Reply:  Item #3748604 from URTH@LISTS.BEST.COM@INTERNET#

Nutria,

I think you've already stated all the pieces that made me guess
Peter's last name as Pan.  First the ending suggests that Peter has a
last name older than Palmieri; then the not growing up, the playing
pirates, the island, the interaction with a big sister/two brothers.

Re: the island as deathland.  Yes, definitely.  Just like the shore
of the averns; the skiff, the number of passengers threatening to
sink the skiff, the space bending, the weird guide.

But as you nearly say, Cassonsville itself is part fairyland.  You can
only get there by a ride from a denizen.  Pete's "welcome" had run
out until he got the ride with Ernie Cotha.

And the whole "changeling" mythology is fairy based/driven.  A fairy
baby or elder is substituted for a human baby--the human baby is
taken to work in the fairy labor system (shades of "A Cabin on the
Coast") or pollenate the fairies (like Severian in the cave on the
island with Apheta in Yesod).  After this task is complete, the
fairies dispose of the human baby, usually by letting it go back
"home" only displaced in time.

Peter Pan obviously has a great deal of fairy to him, which is why
I'm so eager to tie him to little Peter Palmieri.  Peter Palmieri is
the fairy changeling of the title, but like many Wolfe stories, the
focus is on paradox, how the human baby goes through an awful lot of
changes (making it a "changeling") while the fairy changeling remains
unchanged--static.  We might also be close to "hero wrestles with
his own shadow"; again, Weer vs. Bobby Black, Severian and
Apu-Punchau vs. Hildegrin the Badger, (Peter Pan vs. his shadow?).

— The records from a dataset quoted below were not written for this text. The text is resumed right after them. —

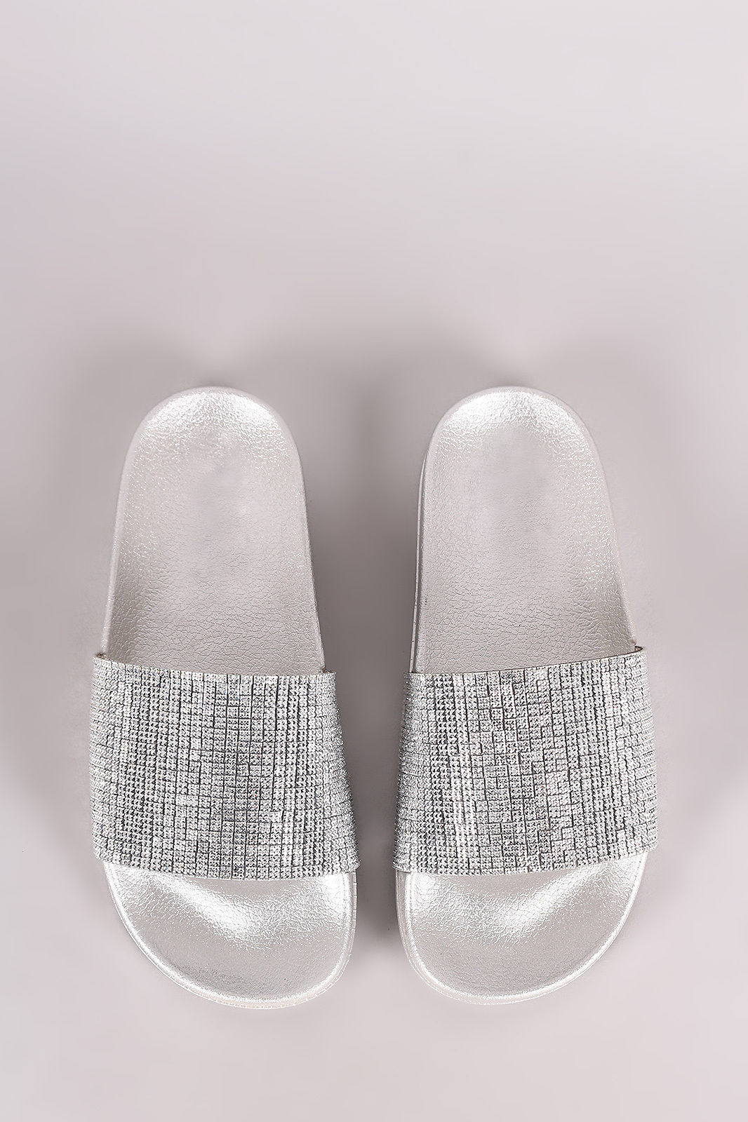 These crystalized sandals are just the right thing to make you stand out. You'll have sparkle in every step. Style them best with a cute semi casual dress.
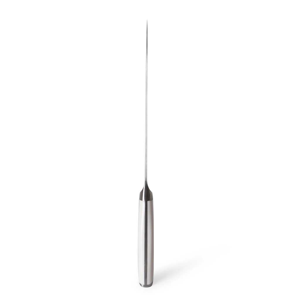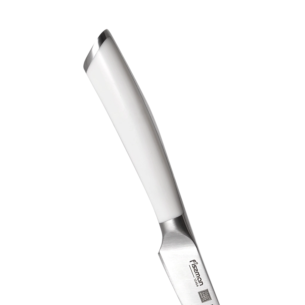 Рукоятка уникальной формы из АБС пластика выполнена без единой заклепки. Это обеспечивает превосходную сбалансированность ножа и безопасность работы.
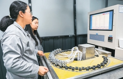 加強食品安全監(jiān)管,為冷鏈設備制造企業(yè)帶來了發(fā)展機遇。圖為西科冷鏈江門制造基地的產品實驗室工程師在進行電子元件耐用性測試。
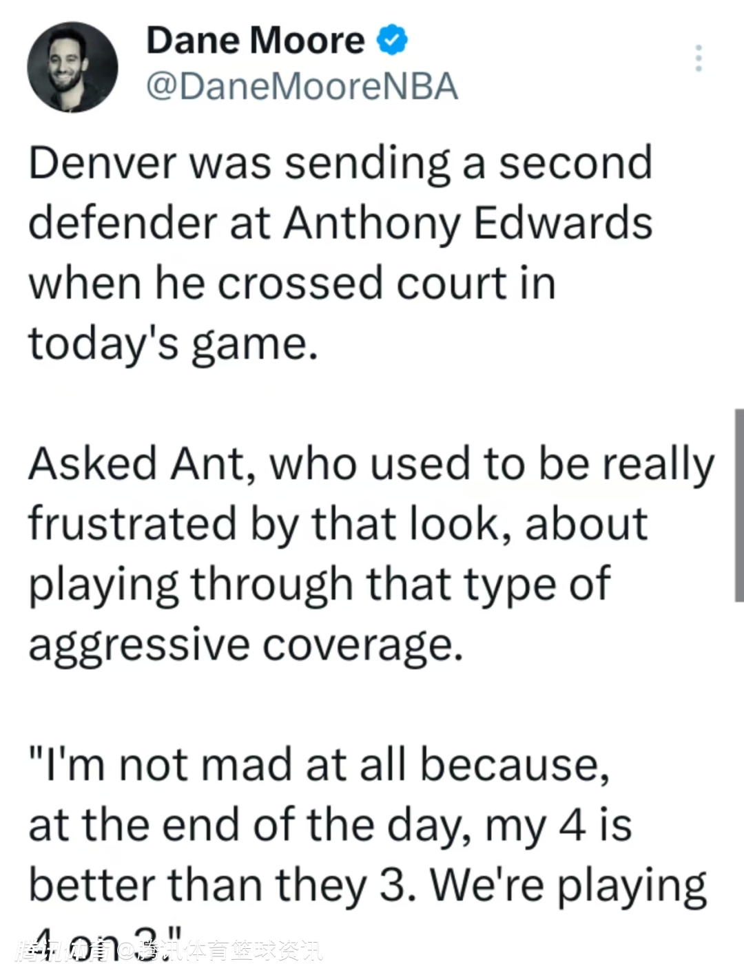 今日比赛中,爱德华兹一过半场,掘金队便立刻对他采取双人包夹的防守策略。记者问及这位曾因这种高强度防守倍感懊恼的球员,如今如何应对这类激进的防守方式,爱德华兹回应道:“之前我还总上头,他们一夹我,我就觉得,完了,这球没空间了。但现在不会了,我一点都不生气,因为说到底,我的四号位队友能打爆他们的三号位,我们等于是在打四打三。”
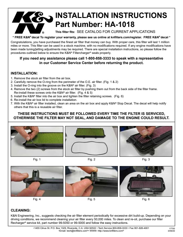 K&N's high-flow air filters are available as a replacement for your stock motorcycle air filter element. They are custom engineered to fit your specific application and are designed to provide low restriction and increased performance, while providing excellent engine protection for your motorcycle.
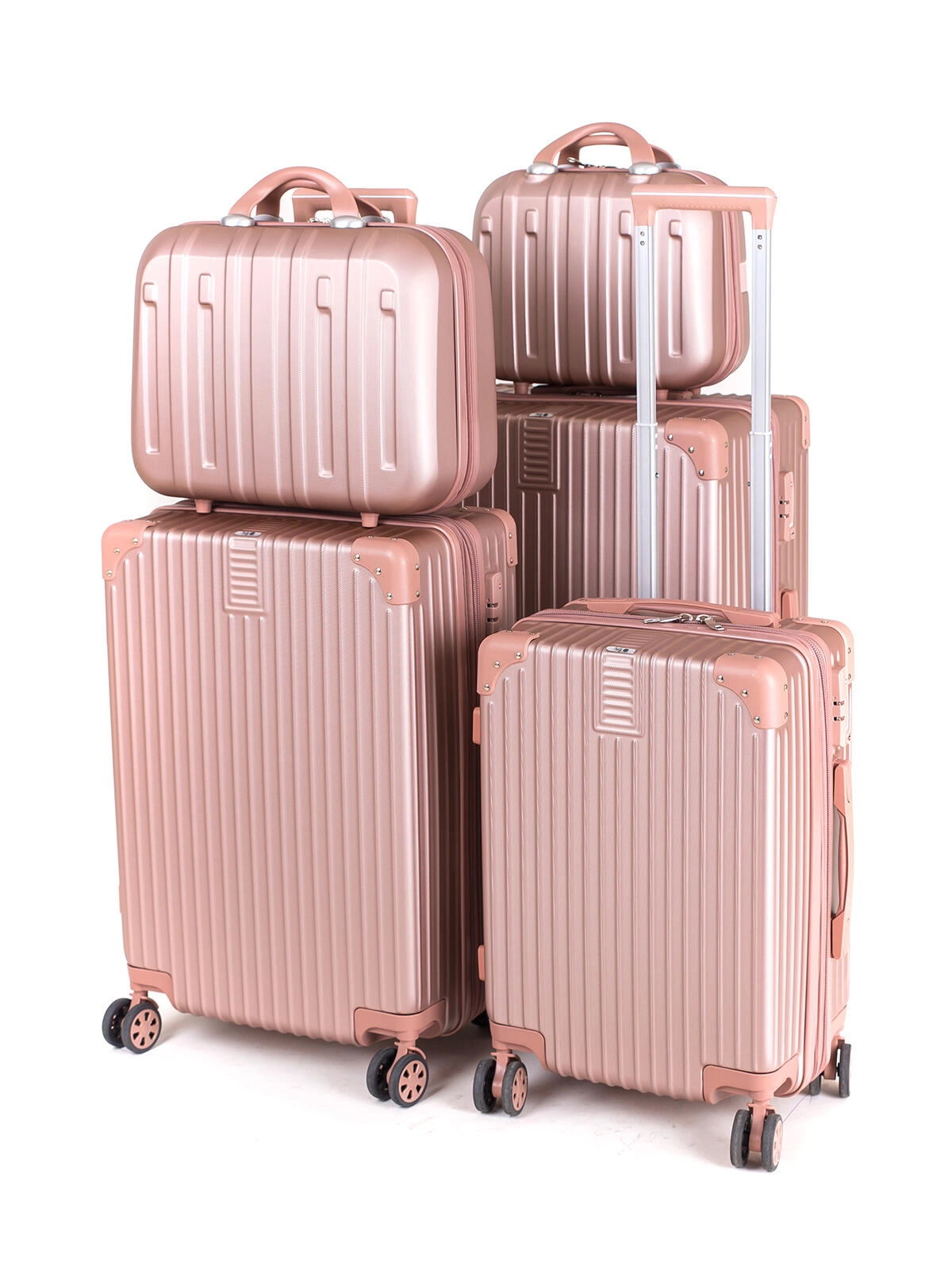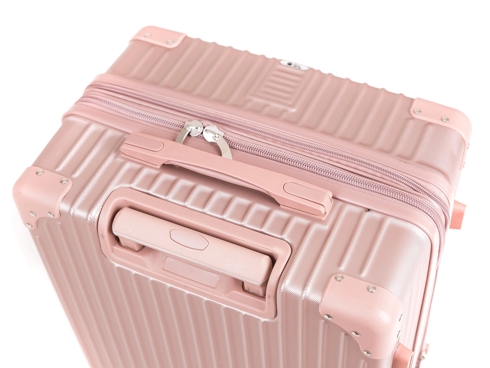 Stilski zlato-rožnati trdi kovček je izdelan iz trpežne plastike ABS, ki odlično prenese udarce in na poti ščiti vsebino. Zahvaljujoč štirim dvojnim kolescem, vrtljivim za 360°, je manevriranje tekoče tudi v živahnem okolju letališč in postaj. Teleskopski ročaj z zaskočko in več nastavitvami višine se prilagodi vaši postavi za udobno vodenje kovčka.
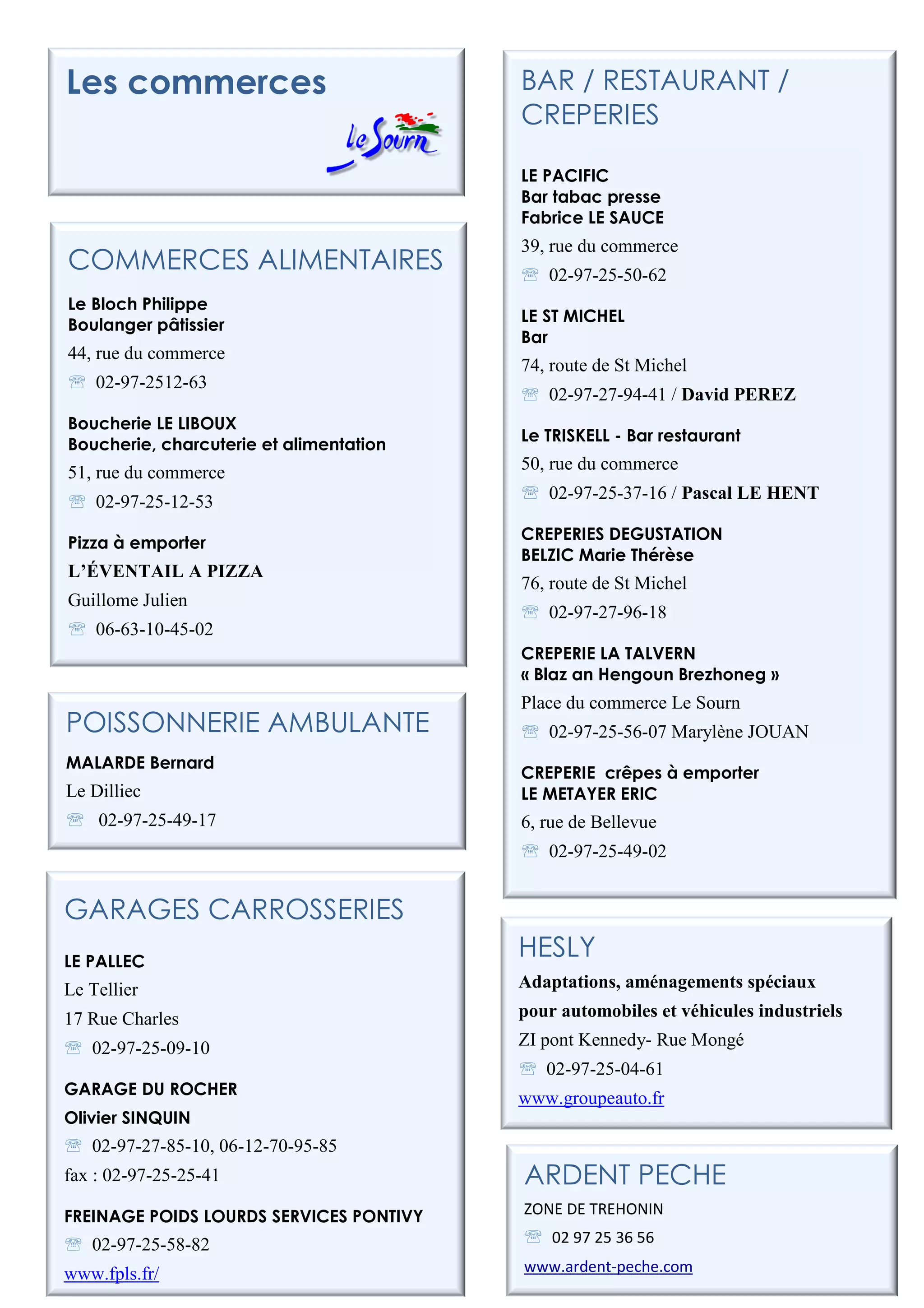 Le document liste divers commerces, notamment des bars, restaurants, crêperies et garages situés à Pontivy, avec leurs adresses et numéros de téléphone. Il inclut également des commerces alimentaires comme des boulangeries, boucheries et pizzerias. Des informations sur des services d'adaptation de véhicules sont également fournies.

Hey, good point--twenty-nine year old Pete was supposed to have
nocturnal reunion in motel room with thirty-something Maria, leading
to marriage, and then eight-year-old Peter could latch onto a new
nuclear unit.  Nice!  The sugar lump (cassons?) for the overworked
little burro (note that Pete calls Papa a burro; and that Papa is the
only other one who knows about Peter's weirdness), but the burro
balks!

Re: "contemptable situation of an able-bodied man living off the
gifts of others, who treat him as a guru.  Pete has moved into the
mentality of Hinduism," well . . . anchorites, cenobites, stylites
(sp?); monks, nuns, saints, and martyrs all have a place in
Christianity (some branches, at least <g>).